(Recorded data)
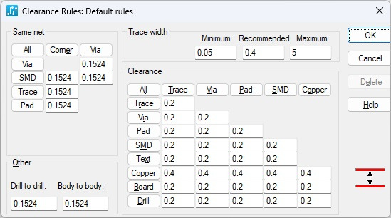 - Setup → Design Rules에서 패드 크기, 트랙 폭, 간격 등 디자인 규칙을 설정
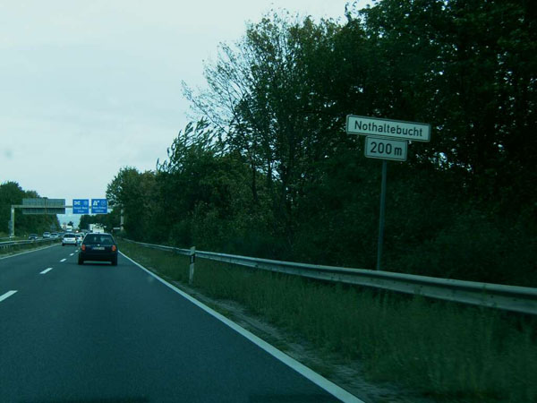 Wenn schon kein Standstreifen, dann wenigstens eine Nothaltebucht. Ab hier befinden sich die Leitpfosten übrigens wegen des nicht befahrbaren Grünstreifens nicht mehr auf der Leitplanke! weiter zu Teil 4 zurück zur Übersicht |
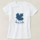 Camiseta con una hoja de arce en el tartán del distrito para Nueva Escocia - un brillante patrón azul, amarillo y verde - con opciones de texto personalizado.
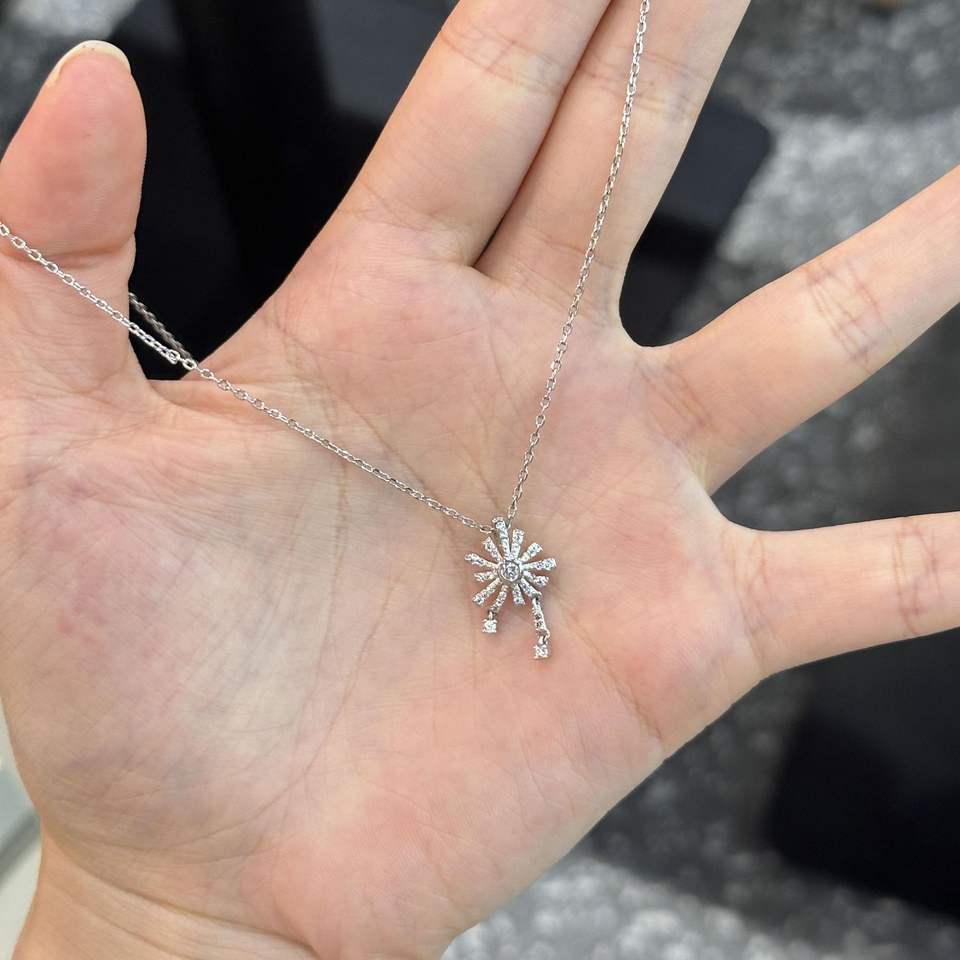 Collar de Plata de Ley S925 con Borla de Perlas de Copo de Nieve Brillante, Cadena Delicada para Clavícula, Patrón Geométrico Azul Blanco
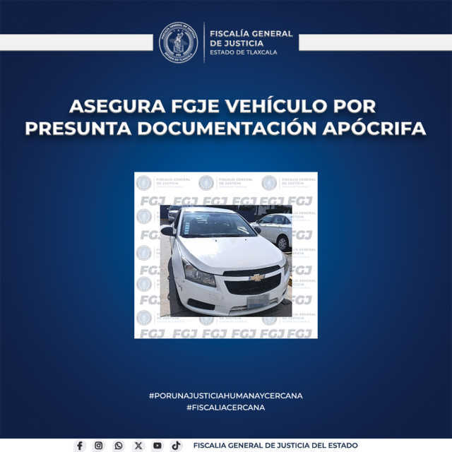 La Policía de Investigación de la Fiscalía General de Justicia del Estado (FGJE) aseguró un vehículo marca Chevrolet, tipo Cruze, modelo 2010, color blanco, al presentar posibles irregularidades en la documentación exhibida para su revisión.
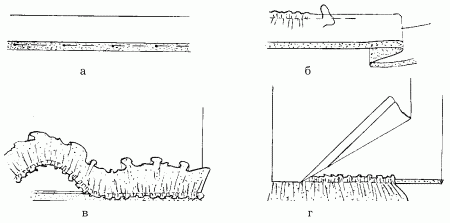 Рис. 44. Последовательность изготовления оборки с подкладкой, оформленной руликом: а – стачивание основной и подкладочной деталей; б – припосаживание всей оборки; в – приметывание оборки к ткани основной детали; г – притачивание оборки к изделию между основной деталью и подкладкой.
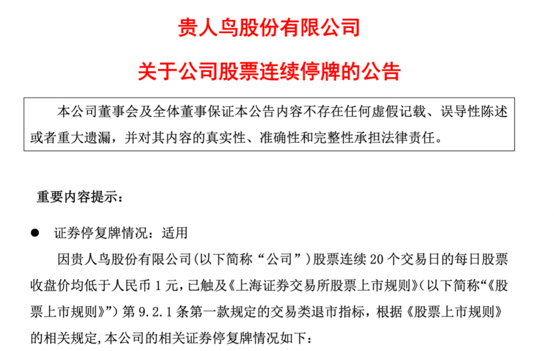 這也意味著貴人鳥(niǎo)將被「強(qiáng)制退市」。
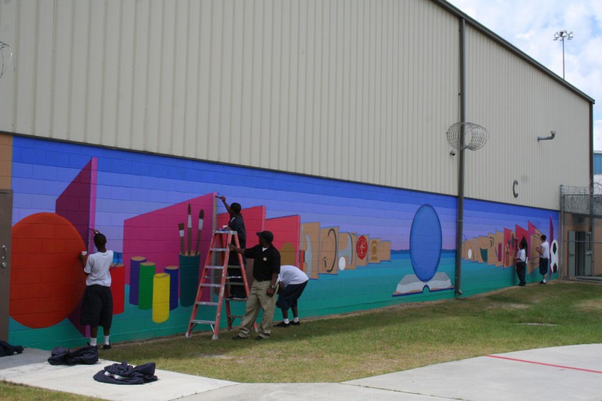 Home > Murals > Eastman Youth Detention Center, Eastman, GA – “The World is Our Classroom” 10′ x 100′ > Mural Process
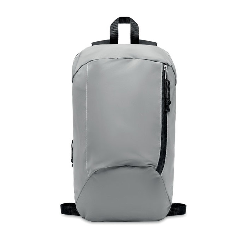 Heijastava reppu 600D polyesteristä. Repussa on vetoketjullinen päällitasku ja pehmustettu selkäosa.
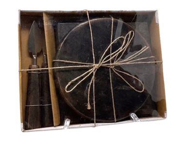 Includes 7.5" round cheese board, 7" x 7" square cheese board, 7" x 1" cheese knife & 7" x 1" cheese spreader, 7" x 1 cheese fork
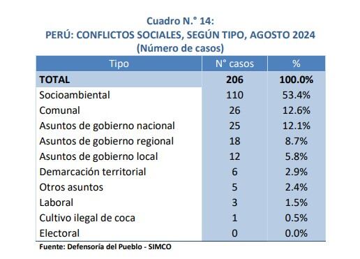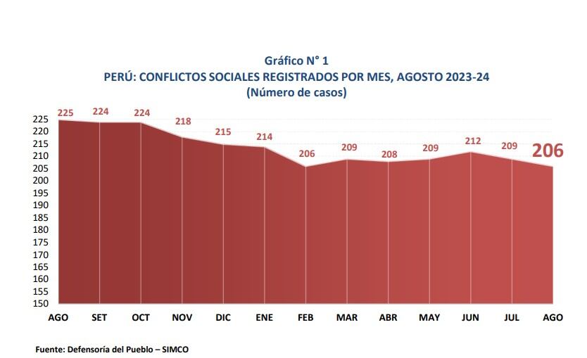 Existen 206 conflictos sociales (157 activos y 49 latentes), tres casos menos que el mes anterior, según se desprende del Reporte de Conflictos Sociales N° 246 de la Defensoría del Pueblo, correspondiente al mes de agosto de 2024.
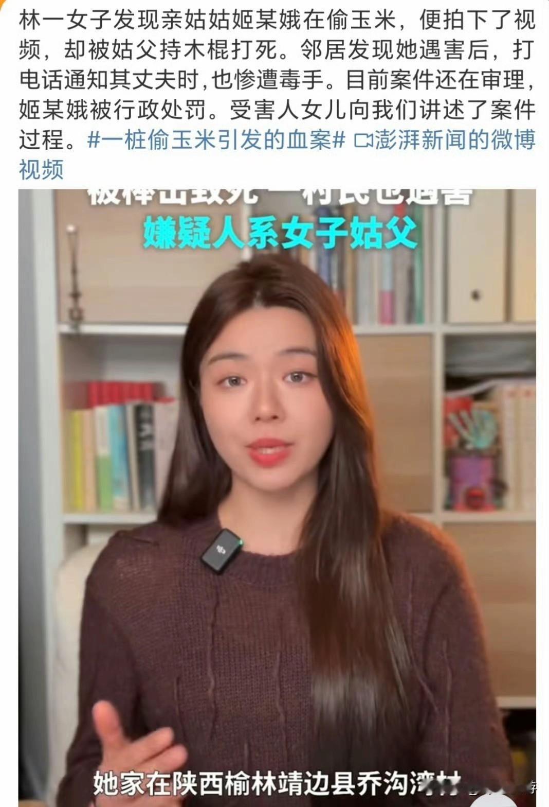 50多岁女子因发现70多岁姑姑偷玉米后,拍视频当作证据,却被姑父打死! 人心能坏到什么程度,是良善之人无法想象的。 想起我老家的村子里有一户人家就时不时地偷别人家的鸡,几十年如一日,也不是天天偷,就是隔段时间偷一只。 全村人都知道,但谁也不说破,我妈也只是私下里和我唠叨一下。 现在看来,我这些邻居做的很对,因为你不知道别人能恶到什么程度。 不过这个事情也给我们一个警示:揪着别人的错,尤其是小错不要过于纠结,是咱那时候还是需要放下,人生在世在处事之中,还是需要保护好自己!
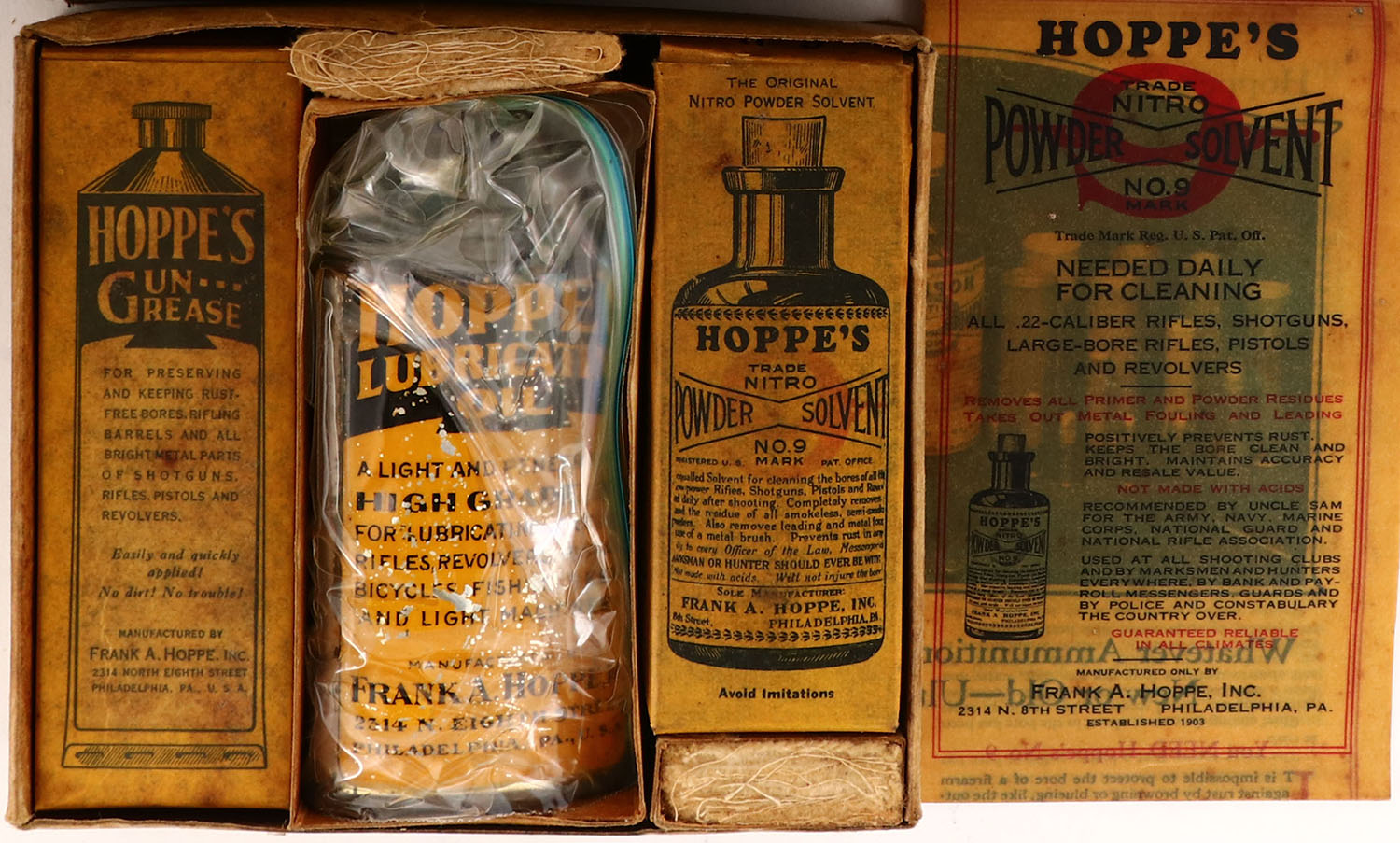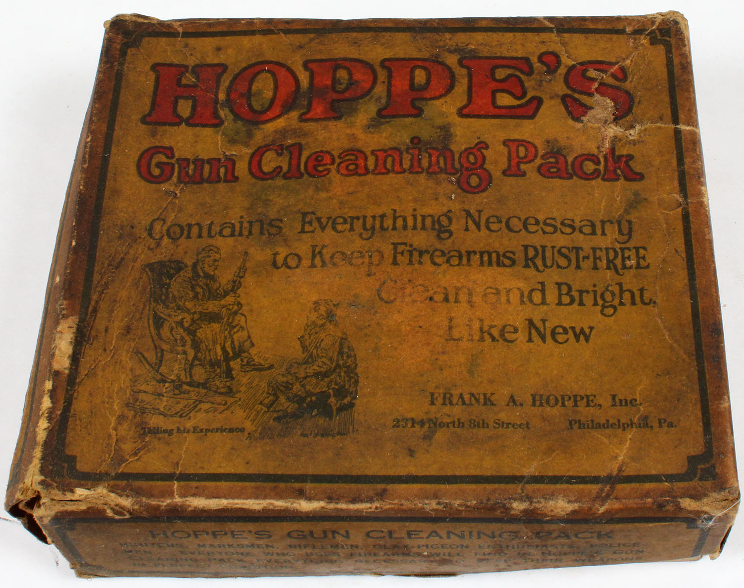 Hoppes Gun Cleaning Pack, Full Kit with oil tin, Very Early, has age soiling to contents and box. Grade: Very Good - Value: 16 to 80
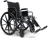 * Packaged & sold by each * 20"w x 16"d * MSRP: $395.00/ea * Elevating leg rest w/full arms * Designed w/dual rear axles & adjustable casters,this w/c can convert from a K0001 Medicare code to a K0002 Medicare code * Black vinyl upholstery * Chart pocket on back * "Tool free" adjustable front rigging * Hammer tone paint provides a long lasting & durable finish * Industry compatible front rigging * 2 position axle & caster fork provides 2" seat height adjustment * Wt. cap: 250lbs. * Seat width: 20" * Seat depth: 16" * Seat height: 18" or 20" * Back height: 15 1/2" * Overall wheel diameter: 31 1/2" * Overall chair height: 35 1/2" * Overall chair width: 28 1/2" * Overall chair width folded: 12" * Unit weight: 40lbs. * 1 yr warranty on sideframes,crossbraces,wheels,handrims,front riggings & forks*6 mo. on upholstered components,plastic parts,painted surfaces,rubber parts,bearings & any other parts not specifically identified above

- TASK:
Output exactly those lines of the data above that run from the line with "Heijastava reppu 600D" up to and including the line with "Existen 206 conflictos". No pictures go in.

- RESULT OF THE TASK:
 Heijastava reppu 600D polyesteristä. Repussa on vetoketjullinen päällitasku ja pehmustettu selkäosa.
 Includes 7.5" round cheese board, 7" x 7" square cheese board, 7" x 1" cheese knife & 7" x 1" cheese spreader, 7" x 1 cheese fork
 Existen 206 conflictos sociales (157 activos y 49 latentes), tres casos menos que el mes anterior, según se desprende del Reporte de Conflictos Sociales N° 246 de la Defensoría del Pueblo, correspondiente al mes de agosto de 2024.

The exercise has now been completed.